File processing is done in the background after content is uploaded. There is a short lag between when content is uploaded and when processing is complete. Until some files are processed, some of their information, such as their preview, incoming/outgoing relationships, and calculated metadata, will not be available. You can also see how much processing remains for an entire project by clicking the Content Processing tab when the project is selected.

Note: It is a good idea to wait until all content processing is completed before making any other changes to the project such as adding/removing metadata, changing the XML document types, or adding/deleting content. Taking such actions during content processing could cause errors that require re-processing the entire project to fix.

HTML and Markdown Processing

Markdown files will be automatically converted to HTML for processing. Then both HTML and Markdown files will be analyzed for relationships to other documents. This means that if these files have hyperlinks or references to graphics, they will function as expected when rendered in the portal.

In addition, Titania Delivery determines whether an HTML file is a full HTML document, with a <head> and <body>, or is HTML <body> content. Portals will present the former as standalone pages when serving them up through portals, but will serve the latter wrapped using the portal's theme configuration.

HTML <meta> tags that specify @name and @content attributes will be captured as embedded properties, and mapped to Titania Delivery metadata using the configured metadata mappings.

<meta name="mdName" content="mdValue">
<h1>Document Title</h1>
<p>This is the document content.</p>

Markdown documents may begin with metadata in YAML format, delimited from the rest of the content by three dashes. Such metadata will be treated as embedded properties and mapped to Titania Delivery metadata using the configured metadata mappings.

---
mdName: mdValue
---

# Document Title

This is the document content.

For details on setting up metadata mapping configurations, refer to the Developer's Guide.

Non-DITA XML Processing

When an XML document with an associated document type is loaded into a project, its processing is as follows.

  1. The document is decorated with namespaced attributes describing the role of each element, as configured in the document type's configuration files.
  2. References to other files, like graphics, are recorded.
  3. If the document contains chunk boundaries, the document is chunked at those boundaries, and a namespaced table of contents is inserted in place of the chunks.
  4. Each chunk is then added to the search index as an independent document.

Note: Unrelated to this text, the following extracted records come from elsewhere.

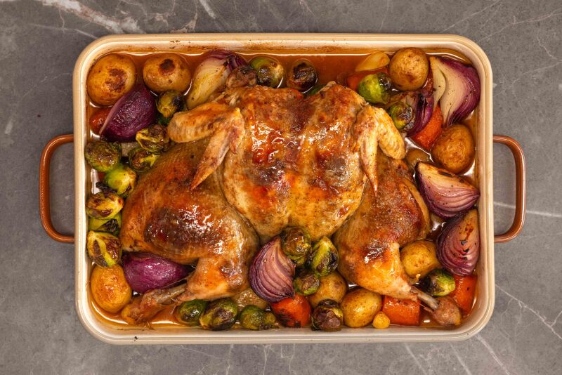 • Tepsiye, kenardaki mor soğan ve Brüksel lahanalarını ekleyin. Tavuğun yağını fırçayla üzerine ve sebzelere sürün.
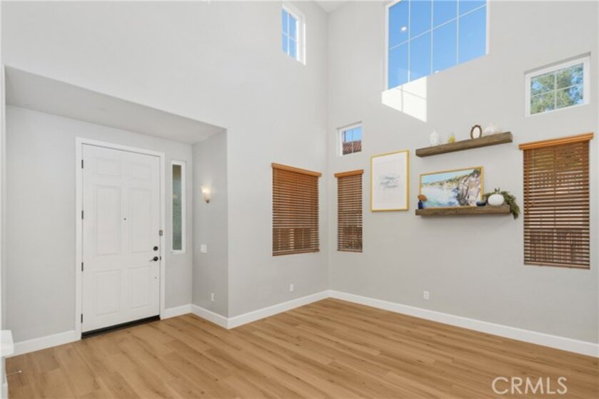 Holy Moly, here's the home you've been waiting for! A beautiful 4-bed, 3-bath home with paid-for solar and energy-efficient items you only dreamed of having! This home is located in Paseo del Sol on a HUGE LOT and a quiet cul-de-sac. Extra-large rear yard awaits you to build your dream pool, outdoor kitchen or garden retreat. The open concept floor plan features a cozy fireplace downstairs, a bedroom, and a bath on the main level. The luxury plank flooring is throughout the home and also on the stairwell. Large primary suite overlooks the rear yard—upstairs laundry room for your convenience, and 2 more bedrooms and baths upstairs. Sellers have upgraded the exterior paint to a 30-year warranted CoolWall paint as well as the new Heat Pump and A/C system. Solar also has power storage wall to REALLY save on the electricity! No more gas furnace in the attic, this beauty has a super efficient heat pump handling both heat and A/C. The overall layout of the home is thoughtfully planned, creating a harmonious flow between the different living areas. This property presents an opportunity for individuals or families seeking a comfortable and practical living environment. Paseo Del Sol has award winning schools, close to shopping and I-15 access, lots of trails and park areas for family enjoyment, and two fabulous Pools and recreation areas to enjoy. Vinyl fencing has also been completed! Hurry out to see this beautiful, light, bright, and open home; you won't be disappointed!!!
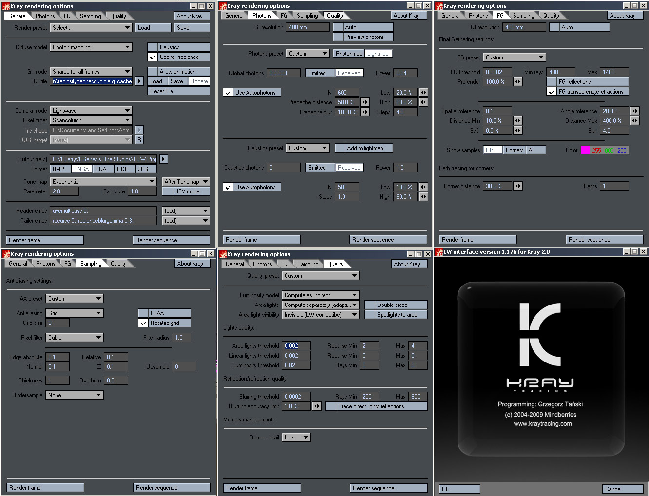 Man...still getting 30min render times per frame on a 720x350 resolution. What's strange is that it doesn't change much on the render time caching the GI. It goes from 29/30minutes to 25 minutes. I mean 5 minutes less per frame is 5 minutes less per frame, but come on...this is Kray! with a quad-core processor and on a 720x350 resolution.
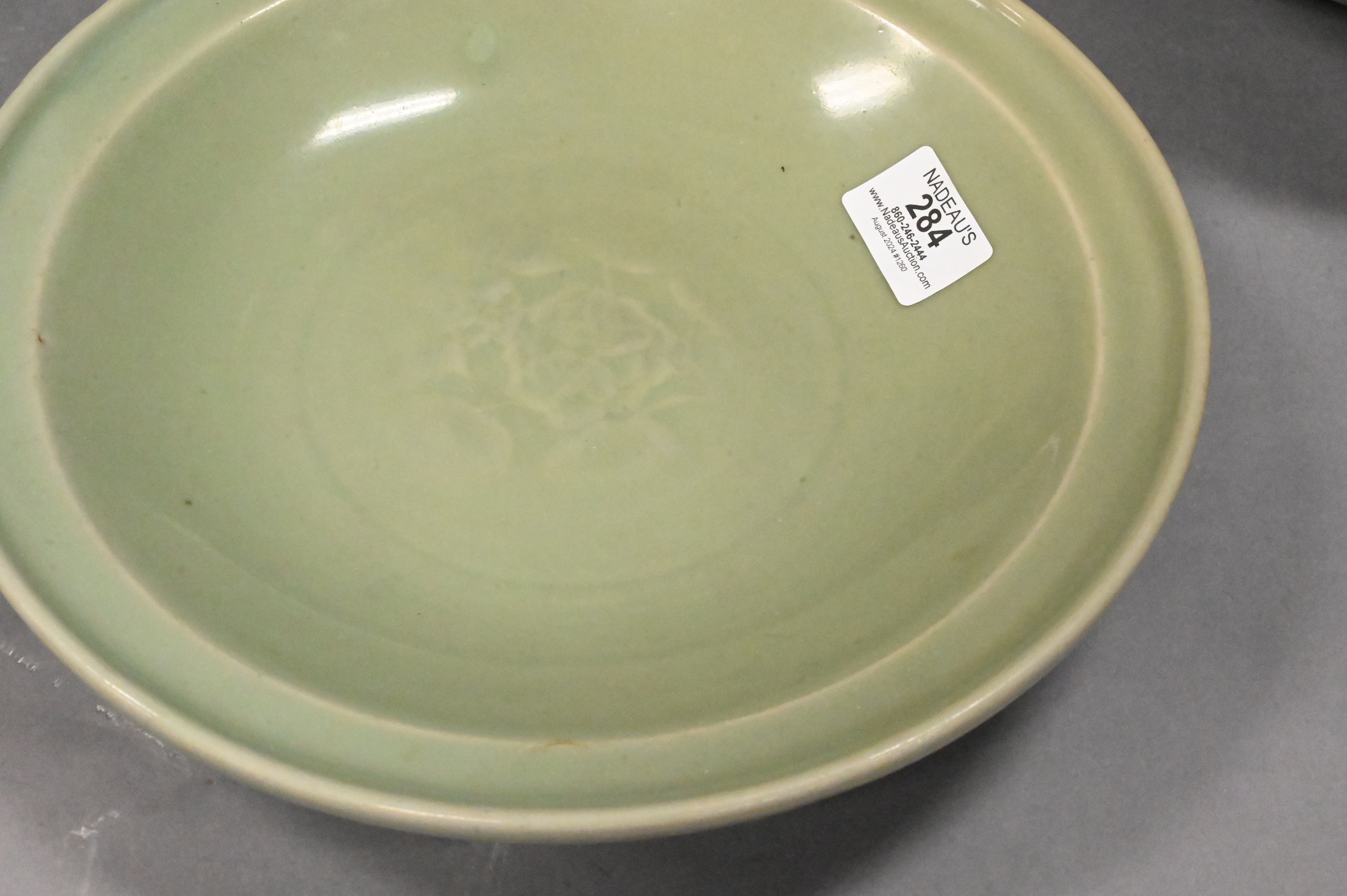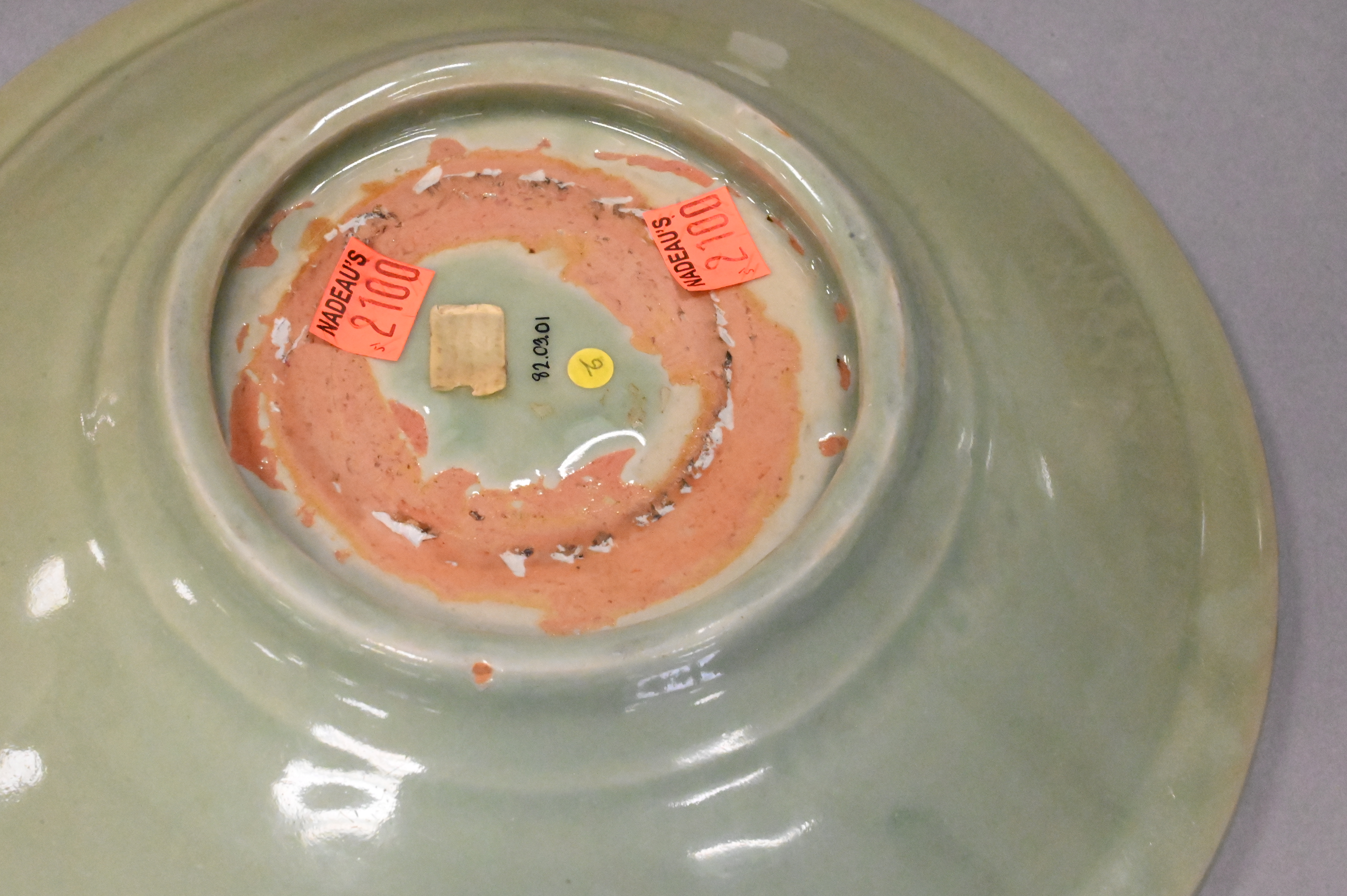 having square body set on pedestal base, hardstone finial along with carved hardstone inlaid center plaque surrounded by moth and chrysanthemum motif, Longquan celadon shallow bowl or charger having incised central floral decoration 19th century possibly ming, Japanese white Studio dragon vase
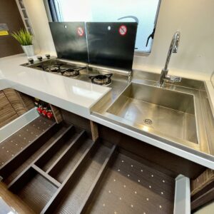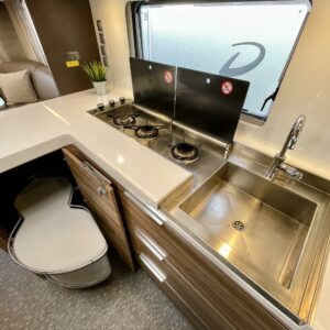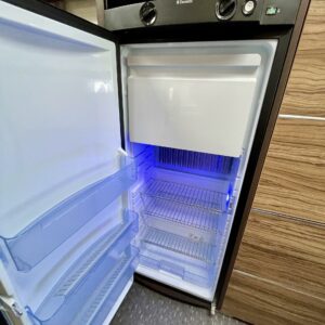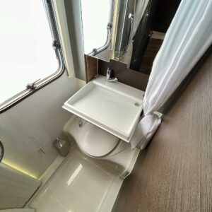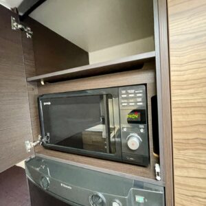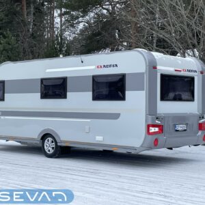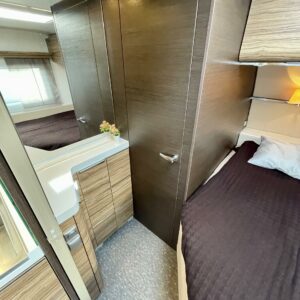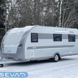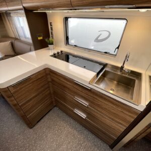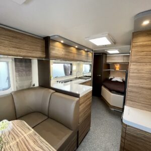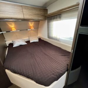 Keittiö on todellinen kotikokin unelma, jossa yhdistyvät tyylikkyys ja poikkeuksellinen toimivuus. Varusteluun kuuluu tilava jääkaappi sekä mikroaaltouuni, ja kerrankin tarjolla on kunnolla laskutilaa vaativampaankin kokkailuun. Arjen sujuvuutta lisää entisestään kulmaan sijoitettu käytännöllinen karusellikaappi, joka pitää kattilat ja keittiövälineet helposti saatavilla. Vaunun etuosaan sijoitettu leveä parisänky täydentää kokonaisuuden ja takaa ensiluokkaiset unet.
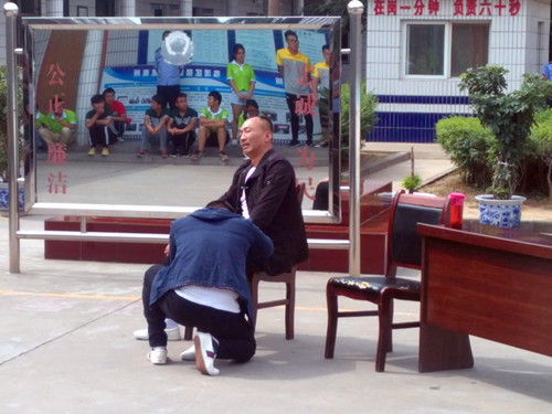 随后,大家在戒毒所干警的引领下,认真观看了禁毒戒毒宣传展板并参观了戒毒人员的宿舍,对戒毒所的管理模式有了进一步的了解。之后该院师生与所里戒毒人员一起进行文艺大联欢。戒毒人员为师生送上了歌伴舞《在希望的田野上》、小品《重头再来》、相声《戒毒》、情景剧《救赎》等四个精心编排的节目,陕铁院师生也为他们献上了快板《绕口令》、《禁毒歌》,独唱《等待》《红梅赞》等精心准备的节目。现场气氛融洽,笑声欢语不断。

Additional details about this process are described in the developer's guide.

DITA Processing

When a DITA map is processed, Titania Delivery generates a contextualized copy of each of the topics referenced by the map. This contextualized copy will apply the map-specific details, including

  • Cascading map and topicref metadata will be inserted.
  • Key reference will be resolved.
  • Map-based related-links, either from map structure or from relationship tables, will be injected.
  • Map-specified profiling will be applied.
Note: You can swap between the uncontextualized topic and its contextualized copies using the Context dropdown on the topic's preview.

So in effect, a topic exists in a Titania Delivery system N+1 times, where N is the number of <topicref> references to that topic. When viewing a topic in a portal, which contextualized copy will depend on the link used to access it. When clicking on a rendered map, you will be taken to the contextualized copy corresponding to the selected topicref. When viewing search results, all available contexts are listed, and the user is able to select the appropriate one.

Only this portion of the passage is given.